Looking down, Duff remembered the night he’d seen one of the mysterious boxes — if there had ever been “one” among many — in his own homemade lily pool. That thought led to another: the sinkhole reached back out of sight around its rim, and he was wearing old clothes. He could go back to the house for a rope or use a tree. He decided on a tree and found a suitable one nearby, a small palm uprooted by the October blow. He scrambled down it and landed high-deep, in warm water.
The bottom was mucky. Overhead was an oval of blue sky. Around him, the sides of the hole curved back and the water glinted in gloom. Sometimes, he recalled, there were alligators in these sinks. He saw none.
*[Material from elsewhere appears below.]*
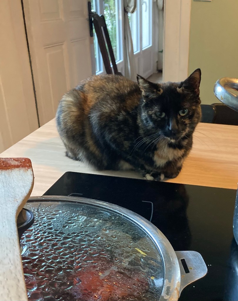 Marcel a pris des leçons de cuisine…je ne sais pas ce qui l’attire le plus: la chaleur ou la nourriture.

He walked around the edges, peering into the recesses, stirring up mud.
Presently he came to an area, hidden from above by the overhang, which had been visited by somebody else. Perhaps by several people. And perhaps often. It was a kind of roofed room, open toward the pit; its muddy floor emerged as a soft bank. The bank showed many signs of feet — old markings and some probably not very old. There were flat marks, too, where boards had evidently sunk down into the mucky sediment. One or two boards were visible now, and he located another with his foot, then others. They’d settled beneath the surface of the ooze.
The footprints weren’t plain, except for one, which he studied. It was the mark of the side of a man’s shoe. The man evidently had fallen on the tarlike stuff. But his leg, curiously enough, had left no print. Duff decided that the man must have turned his ankle to make such a mark.